■ The problem: Pictures found in the material must be left out, and every line returned as written.

■ Collected data:

—————

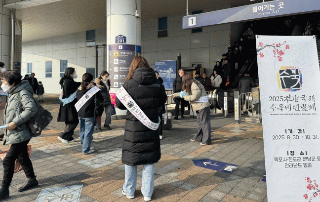 고향을 찾는 귀성객에게 홍보 물품과 함께 따뜻한 환영인사를 전하고, 올해 개최될 수묵비엔날레의 일정 및 장소 등을 안내했다.
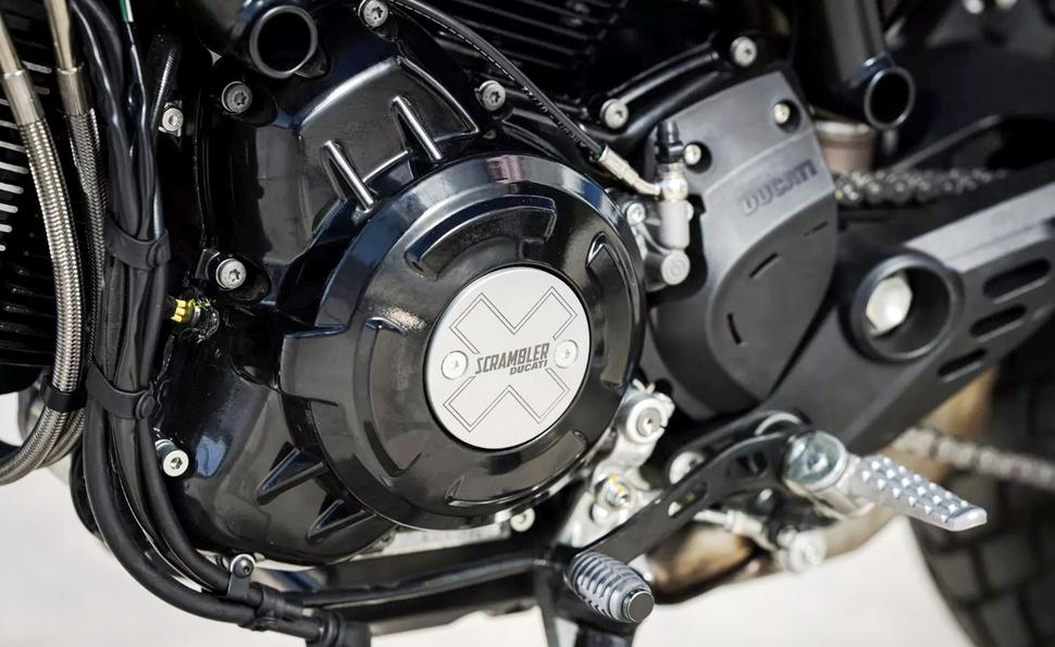 Благодаря масштабному обновлению Scrambler Icon 2023 года на 4кг легче, чем прошлое поколение, и больше двух кило из них сэкономлено на двигателе. Более лёгкое сцепление с восемью дисками (у прошлого их было десять), новый копирный вал и более тонкие крышки двигателя частично объясняют снижение веса, но ещё Ducati прошлись по всему мотоциклу с частым гребнем и снизили тут и там по нескольку десятков граммов - от меньшего аккумулятора до более лёгких колёс.
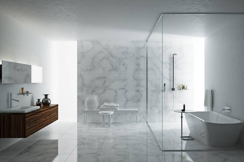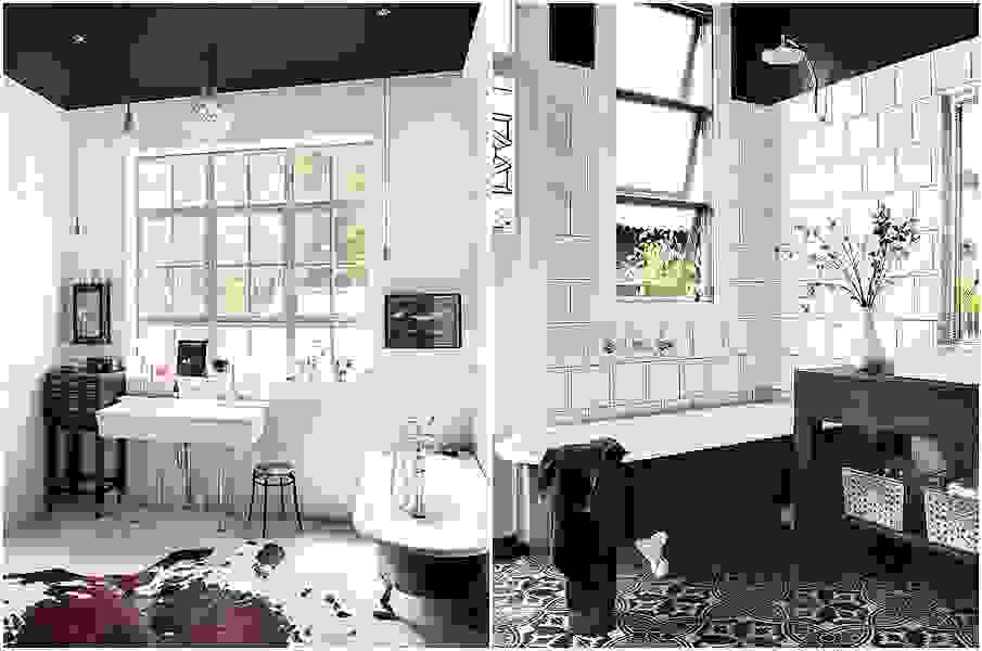 Ванная комната. В небольшом помещении следует отдавать предпочтение белому и разумно дозировать темный тон. Комната должна казаться просторной.
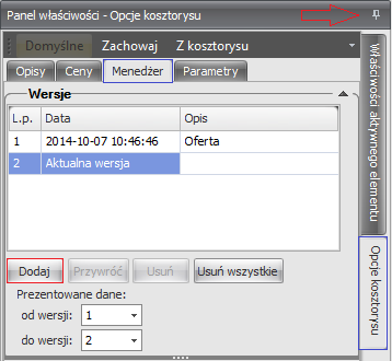 Zacznijmy od początku. Co zrobić, aby aktywować śledzenie zmian w kosztorysie? W tym celu należy w prawym panelu – „Opcje kosztorysu” – kliknąć w zakładkę „Menedżer”, w której znajdują się polecenia pozwalające zarządzać wersjami kosztorysu. Domyślnie w każdym pliku jest tylko jedna wersja, ale przyciskiem „Dodaj” można utworzyć kolejną.

—————

■ Solution for this problem:
 고향을 찾는 귀성객에게 홍보 물품과 함께 따뜻한 환영인사를 전하고, 올해 개최될 수묵비엔날레의 일정 및 장소 등을 안내했다.
 Благодаря масштабному обновлению Scrambler Icon 2023 года на 4кг легче, чем прошлое поколение, и больше двух кило из них сэкономлено на двигателе. Более лёгкое сцепление с восемью дисками (у прошлого их было десять), новый копирный вал и более тонкие крышки двигателя частично объясняют снижение веса, но ещё Ducati прошлись по всему мотоциклу с частым гребнем и снизили тут и там по нескольку десятков граммов - от меньшего аккумулятора до более лёгких колёс.
 Ванная комната. В небольшом помещении следует отдавать предпочтение белому и разумно дозировать темный тон. Комната должна казаться просторной.
 Zacznijmy od początku. Co zrobić, aby aktywować śledzenie zmian w kosztorysie? W tym celu należy w prawym panelu – „Opcje kosztorysu” – kliknąć w zakładkę „Menedżer”, w której znajdują się polecenia pozwalające zarządzać wersjami kosztorysu. Domyślnie w każdym pliku jest tylko jedna wersja, ale przyciskiem „Dodaj” można utworzyć kolejną.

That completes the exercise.